'My hope is the industry can police itself and we avoid regulation or intervention from external agencies,' says Matt Shea

WildTangent on mobile discoverability, pricing models and F2P self-regulation

As discoverability gets ever-more difficult on mobile devices, developers are looking for different routes to market and ways of putting their games in the eyes of consumers.

One potential route to market is through WildTangent, whose cross-platform games network is said to reach 168 million unique users per month and houses over 400 titles – and the company is looking for more games to add.

Speaking to Develop, WildTangent executive VP of product development Matt Shea discussed WildTangent’s plans for the future, its own studio, and his thoughts on discoverability and free-to-play on mobile.

One of the big issues on mobile is discoverability, how are you getting around that?
As head of WildTangent Studios, we continue to focus our efforts toward developing quality games that merit a spotlight from the app stores for consumers. Anyone in the industry knows that’s never a guarantee, so it’s important to build a brand and reputation. Fortunately, WildTangent has 16 years in the industry and people know us.

All developers we speak with for our Android games service have experienced discoverability issues, and we provide another way to reach users, but we can often offer them opportunities that the big app stores cannot. Our service is curated and games quality-tested before they appear in our service. We coordinate with developers to give them a spotlight and know the users in our service are gamers who return to the service again and again to play quality games.

Do you think the issue of discoverability is getting worse on mobile?
No question about it. Without barrier to entry and most app stores relying on algorithmic sorting, i.e. charts, for discoverability, it’s challenging to both find and sustain user acquisition. Another challenge for mobile games compared to other media types, including console games, is that users are not primed to search for a given game. This means mobile players are browsing for games more than searching for games. The economic reality of mobile games means that a broader advertising campaign that you would see before a movie or a major console game launch doesn’t make sense in mobile titles.

WildTangent sells both paid-for and free-to-play games. How do sales of each compare?
We support developers with quality games first and foremost, and offer games of all payment configurations. We have additional monetisation options to offer developers of paid-for games, such as the ability for developers to leverage our value-exchange advertising platform, BrandBoost. As is the case with much of the mobile games industry though, we’re adding more free-to-play titles as a percentage of our catalog on the Android service.

Do you think premium-priced games will have a place on mobile in future?
I think that a given game design will naturally fall on a spectrum of business model options, whether free with ads or in-app purchase, or premium with or without in-app purchase. To some extent, if you restrict the industry from creating premium titles you limit creativity, and that is never good.

That said, I do think that a 99 cent price point for premium titles is an almost impossible road to follow. The scale of people buying premium titles is significantly smaller as much of the industry shifts to free-to-play. If you’re going to price a game as premium, developers have to make back the amount gamers spend on it. This means you need to monitor your investment during development and evaluate all price point options.

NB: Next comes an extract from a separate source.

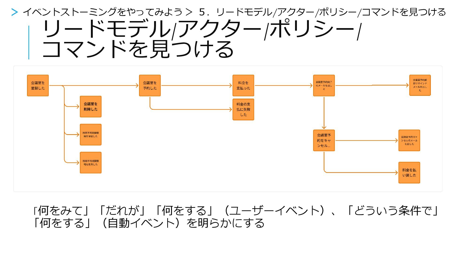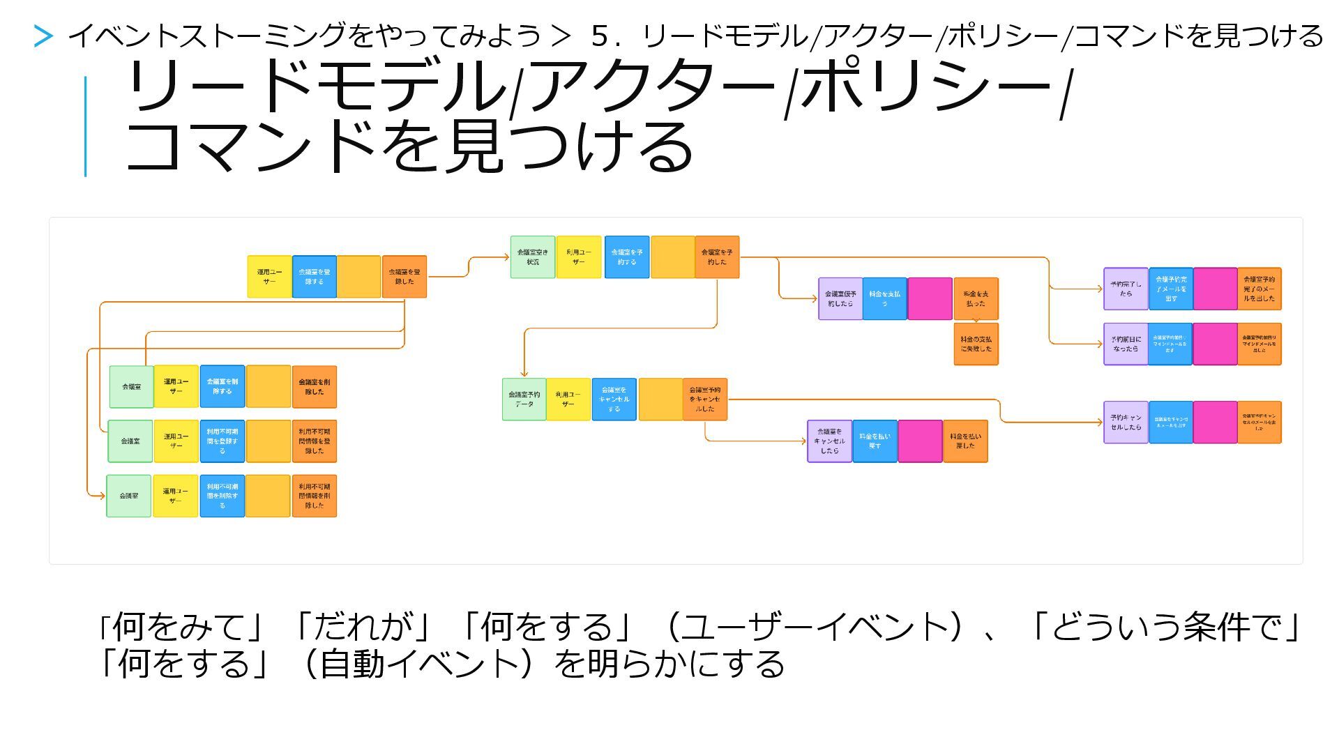 イベントストーミングをやってみよう > 5.リードモデル/アクター/ポリシー/コマンドを見つける

What are your thoughts on the controversy surrounding free-to-play, particularly in children’s games? Do you think there will one day be regulation brought into the market?
I think free-to-play is an example of the game industry evolving to match the change in consumer tastes, but in some ways we’ve gone back to our roots. The in-app purchase model is reminiscent of coin-op, pay-as-you-go style games featured long ago in arcades.

There’s an echo effect now in the industry from some early in-app purchase games where secondary purchases occurred without additional consent, since the payment credentials hadn’t timed out. The industry learned and we now have better measures in place to prevent this including commerce authentication. My hope is the industry can police itself on this issue and we avoid regulation or intervention from external agencies.

I believe that platform manufacturers should provide the tools for customers to protect their payment methods separately from their required account in order to use their devices. This would be a better solution for multi-person households where kids connect to their parents’ accounts.

Given the success of WildTangent’s games network in the US, what is the company doing to expand its own portfolio of games?
We continue to expand the list of great developers and games on the WildTangent Games online and mobile services. On our mobile service, we’re adding games at a steady clip and now have over 400 quality games to play in a variety of categories. In addition, our own mobile studio, WildTangent Studios, has created titles for all the major mobile platforms and our Android service. The studio recently launched Polar Bowler, Happy Matchy Bird and Word Science, which was selected as the Starbucks app of the week in the US and Canada this April.

Will WildTangent be investing in new studios in future? Or at least expanding in-house development staff?
WildTangent will continue to grow its studio out of our downtown Seattle office. In addition, we are always looking for talented studios to work with around the world for games to add to mobile games service. If you are a mobile game developer or artist looking for a gig, we’d love to talk to you.